● **TASK PROMPT**
Restate all data exactly. No images.

● **DATA EXCERPT**
↓↓↓
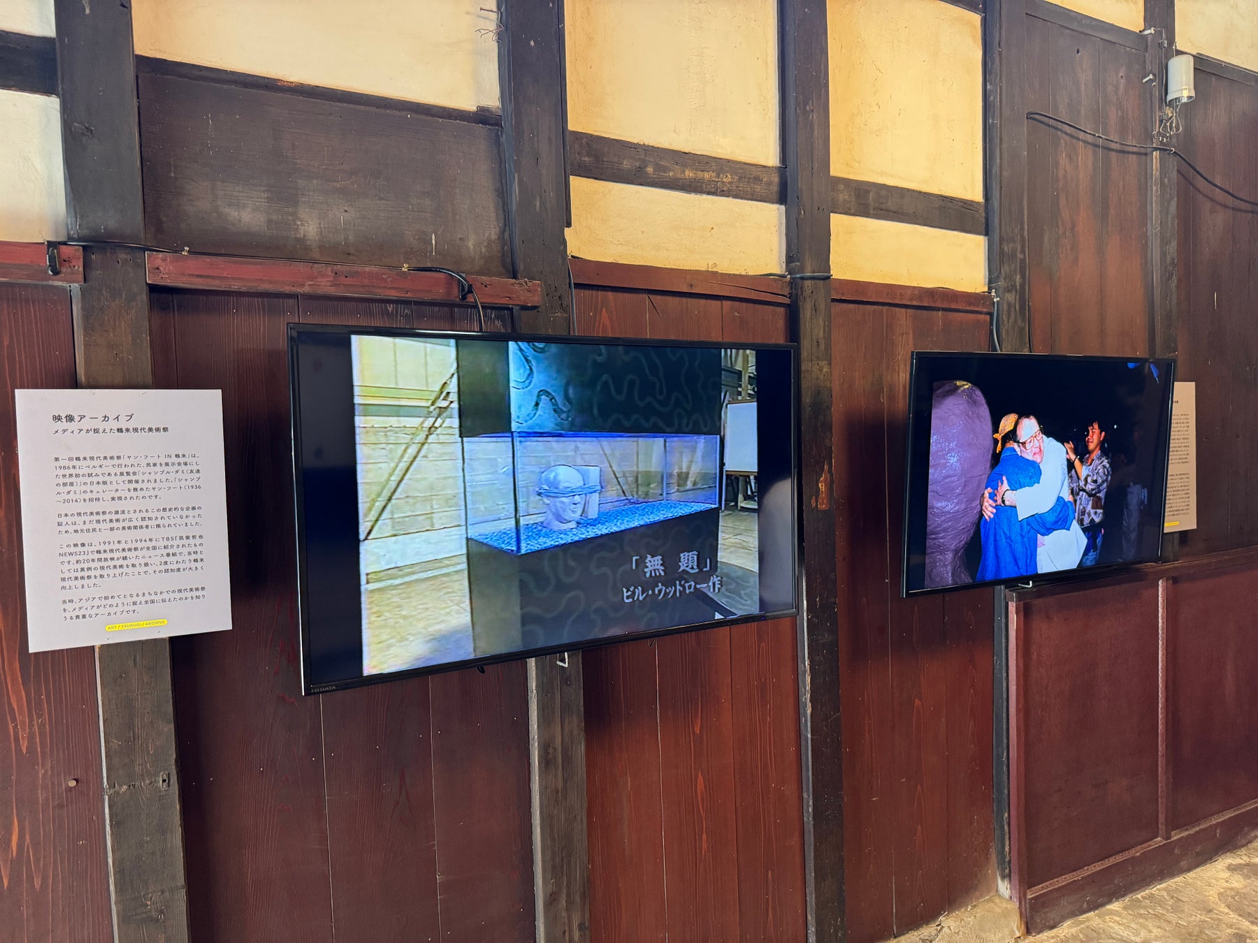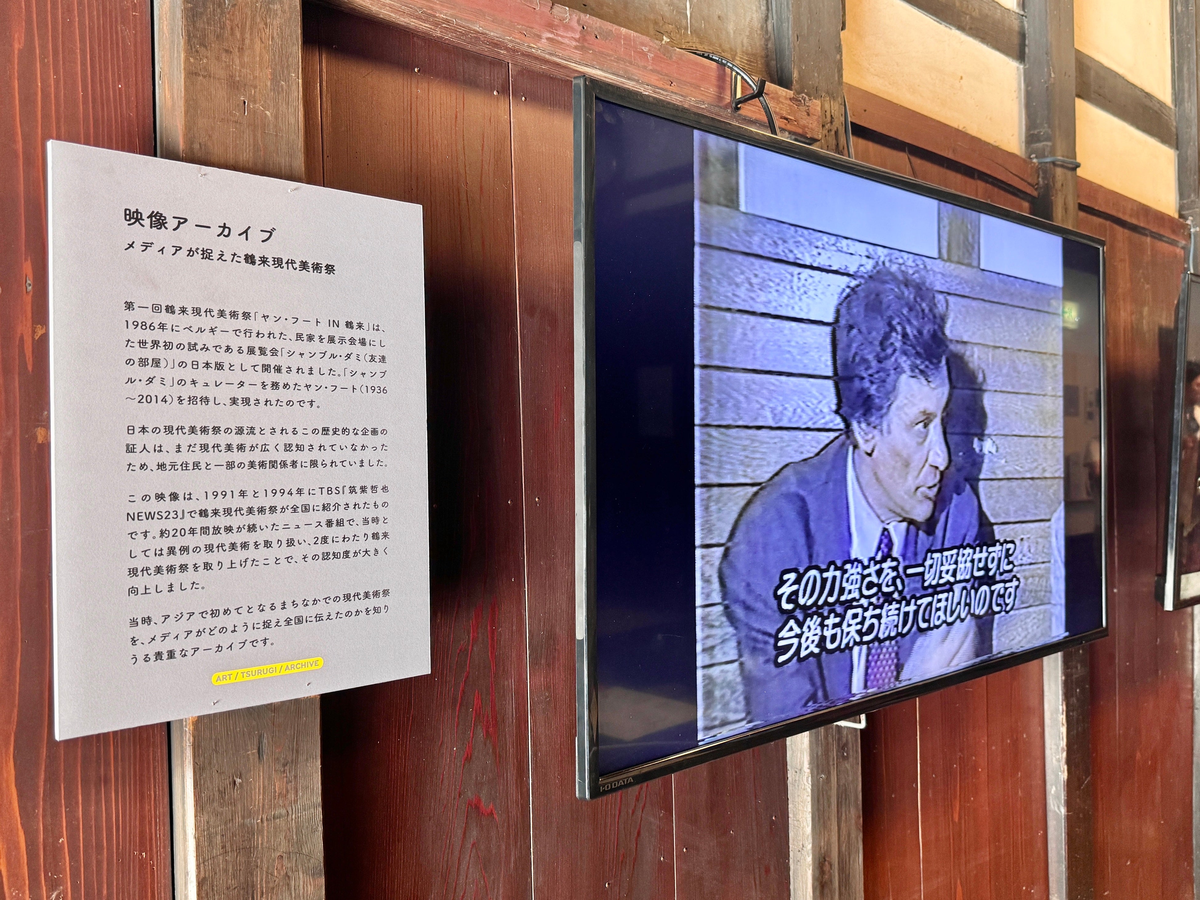 展示紹介されている全国ネットの報道番組内での特集映像は、当時では異例となる現代美術を扱い、鶴来現代美術祭が2度に渡り紹介されたもので、鶴来現代美術祭が全国的に認知されるきっかけとなりました。当時アジア初とも言えるまちなかでの現代美術祭という今までにない地域での事象を、メディアがどう捉え日本全国に伝えたか、興味深いアーカイブです。
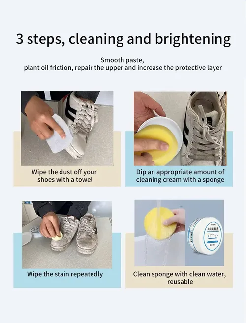"White Shoe Cleaning Cream" is a powerful stain remover that will leave you with new, clean surfaces - just like the day you bought them!
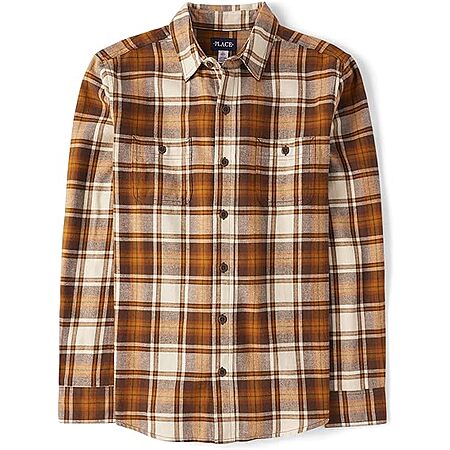 The Children's Place Men's 100% Cotton Long Sleeve Flannel Button Up Shirt (Buffalo Plaid-Dad or Plaid - Dad) $14.99 + Free Shipping w/ Prime or on $35+
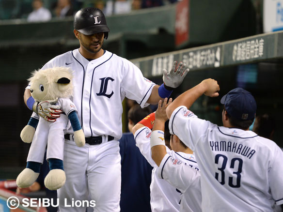 ダメ押しの一発を放ったメヒアは山川とハイタッチをかわす!
↑↑↑
● **EXERCISE OUTPUT**
 展示紹介されている全国ネットの報道番組内での特集映像は、当時では異例となる現代美術を扱い、鶴来現代美術祭が2度に渡り紹介されたもので、鶴来現代美術祭が全国的に認知されるきっかけとなりました。当時アジア初とも言えるまちなかでの現代美術祭という今までにない地域での事象を、メディアがどう捉え日本全国に伝えたか、興味深いアーカイブです。
"White Shoe Cleaning Cream" is a powerful stain remover that will leave you with new, clean surfaces - just like the day you bought them!
 The Children's Place Men's 100% Cotton Long Sleeve Flannel Button Up Shirt (Buffalo Plaid-Dad or Plaid - Dad) $14.99 + Free Shipping w/ Prime or on $35+
 ダメ押しの一発を放ったメヒアは山川とハイタッチをかわす!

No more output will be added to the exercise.